● **What is needed**: Word for word, set down every line of the entries below from the line with "After the ceremony, we" to the line with "无独有偶,两天前大模型独角兽阶跃星辰开源了跟豆包手机助手同类型的GUI Agent 技术——名为", including both, and no other line.

● **Data excerpts**:

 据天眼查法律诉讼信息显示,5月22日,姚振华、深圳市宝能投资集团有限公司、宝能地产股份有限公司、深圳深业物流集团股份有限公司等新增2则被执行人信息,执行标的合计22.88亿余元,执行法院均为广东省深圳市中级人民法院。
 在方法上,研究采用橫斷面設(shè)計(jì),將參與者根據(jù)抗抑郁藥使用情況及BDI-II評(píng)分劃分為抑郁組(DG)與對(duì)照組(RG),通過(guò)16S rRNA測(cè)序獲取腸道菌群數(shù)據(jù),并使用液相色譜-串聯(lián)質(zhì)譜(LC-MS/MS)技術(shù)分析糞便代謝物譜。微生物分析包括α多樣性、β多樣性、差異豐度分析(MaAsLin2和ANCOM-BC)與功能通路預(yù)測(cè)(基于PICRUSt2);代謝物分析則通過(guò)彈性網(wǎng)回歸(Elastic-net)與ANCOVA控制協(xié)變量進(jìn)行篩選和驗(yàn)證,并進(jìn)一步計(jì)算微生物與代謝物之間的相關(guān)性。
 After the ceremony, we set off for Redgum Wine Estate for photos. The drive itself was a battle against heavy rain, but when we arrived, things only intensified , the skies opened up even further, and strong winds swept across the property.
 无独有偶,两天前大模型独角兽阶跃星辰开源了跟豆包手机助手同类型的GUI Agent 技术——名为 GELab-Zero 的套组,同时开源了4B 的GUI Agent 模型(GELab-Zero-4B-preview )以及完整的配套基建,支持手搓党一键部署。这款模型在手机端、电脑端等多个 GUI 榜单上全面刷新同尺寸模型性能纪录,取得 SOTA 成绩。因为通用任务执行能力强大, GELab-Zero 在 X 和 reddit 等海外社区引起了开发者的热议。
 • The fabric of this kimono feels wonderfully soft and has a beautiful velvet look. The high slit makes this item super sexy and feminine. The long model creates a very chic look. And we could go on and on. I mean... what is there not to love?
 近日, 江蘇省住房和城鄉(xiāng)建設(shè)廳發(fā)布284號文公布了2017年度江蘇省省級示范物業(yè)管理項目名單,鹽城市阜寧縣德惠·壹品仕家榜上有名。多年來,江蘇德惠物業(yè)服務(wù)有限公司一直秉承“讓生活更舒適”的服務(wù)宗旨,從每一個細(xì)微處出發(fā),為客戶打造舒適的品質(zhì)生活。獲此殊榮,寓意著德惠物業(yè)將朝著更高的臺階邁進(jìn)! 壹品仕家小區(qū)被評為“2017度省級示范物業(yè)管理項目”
* * *
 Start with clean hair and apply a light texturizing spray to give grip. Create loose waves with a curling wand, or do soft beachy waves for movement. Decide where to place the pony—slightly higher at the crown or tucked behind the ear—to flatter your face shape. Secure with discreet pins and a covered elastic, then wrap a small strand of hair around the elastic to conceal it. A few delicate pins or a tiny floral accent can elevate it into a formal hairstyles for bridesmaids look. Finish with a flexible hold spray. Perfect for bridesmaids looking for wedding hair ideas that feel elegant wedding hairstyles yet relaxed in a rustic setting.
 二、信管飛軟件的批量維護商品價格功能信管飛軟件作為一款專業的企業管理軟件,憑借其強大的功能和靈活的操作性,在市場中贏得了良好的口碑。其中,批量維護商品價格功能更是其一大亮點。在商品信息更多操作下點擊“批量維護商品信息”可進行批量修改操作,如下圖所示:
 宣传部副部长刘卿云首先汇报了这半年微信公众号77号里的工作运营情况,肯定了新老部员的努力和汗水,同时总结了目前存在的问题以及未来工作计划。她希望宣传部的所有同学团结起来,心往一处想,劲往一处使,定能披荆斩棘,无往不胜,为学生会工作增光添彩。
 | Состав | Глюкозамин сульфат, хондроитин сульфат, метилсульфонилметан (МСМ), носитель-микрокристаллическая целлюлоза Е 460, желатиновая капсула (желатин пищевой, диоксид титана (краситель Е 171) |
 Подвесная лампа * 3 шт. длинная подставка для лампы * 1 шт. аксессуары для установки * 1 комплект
---
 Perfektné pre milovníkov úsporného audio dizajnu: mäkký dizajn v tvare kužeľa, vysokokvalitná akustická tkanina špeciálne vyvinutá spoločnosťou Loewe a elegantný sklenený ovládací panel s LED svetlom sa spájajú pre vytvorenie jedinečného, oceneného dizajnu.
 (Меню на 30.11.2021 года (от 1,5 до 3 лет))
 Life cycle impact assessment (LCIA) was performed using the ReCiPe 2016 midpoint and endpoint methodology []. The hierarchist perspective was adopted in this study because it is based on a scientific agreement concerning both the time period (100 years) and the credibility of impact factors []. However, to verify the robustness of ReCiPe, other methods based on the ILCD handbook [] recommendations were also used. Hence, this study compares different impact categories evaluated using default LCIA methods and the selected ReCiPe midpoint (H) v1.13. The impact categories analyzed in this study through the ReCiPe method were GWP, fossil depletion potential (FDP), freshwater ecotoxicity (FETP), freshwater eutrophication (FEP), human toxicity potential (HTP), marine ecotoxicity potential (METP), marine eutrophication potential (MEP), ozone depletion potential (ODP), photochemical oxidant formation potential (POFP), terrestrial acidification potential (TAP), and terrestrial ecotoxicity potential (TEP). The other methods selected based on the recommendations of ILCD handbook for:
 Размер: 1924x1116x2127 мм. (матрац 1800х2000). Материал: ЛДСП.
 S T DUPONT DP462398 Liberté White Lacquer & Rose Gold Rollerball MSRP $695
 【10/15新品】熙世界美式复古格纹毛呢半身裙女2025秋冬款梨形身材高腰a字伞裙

● **Solved exercise**:
 After the ceremony, we set off for Redgum Wine Estate for photos. The drive itself was a battle against heavy rain, but when we arrived, things only intensified , the skies opened up even further, and strong winds swept across the property.
 无独有偶,两天前大模型独角兽阶跃星辰开源了跟豆包手机助手同类型的GUI Agent 技术——名为 GELab-Zero 的套组,同时开源了4B 的GUI Agent 模型(GELab-Zero-4B-preview )以及完整的配套基建,支持手搓党一键部署。这款模型在手机端、电脑端等多个 GUI 榜单上全面刷新同尺寸模型性能纪录,取得 SOTA 成绩。因为通用任务执行能力强大, GELab-Zero 在 X 和 reddit 等海外社区引起了开发者的热议。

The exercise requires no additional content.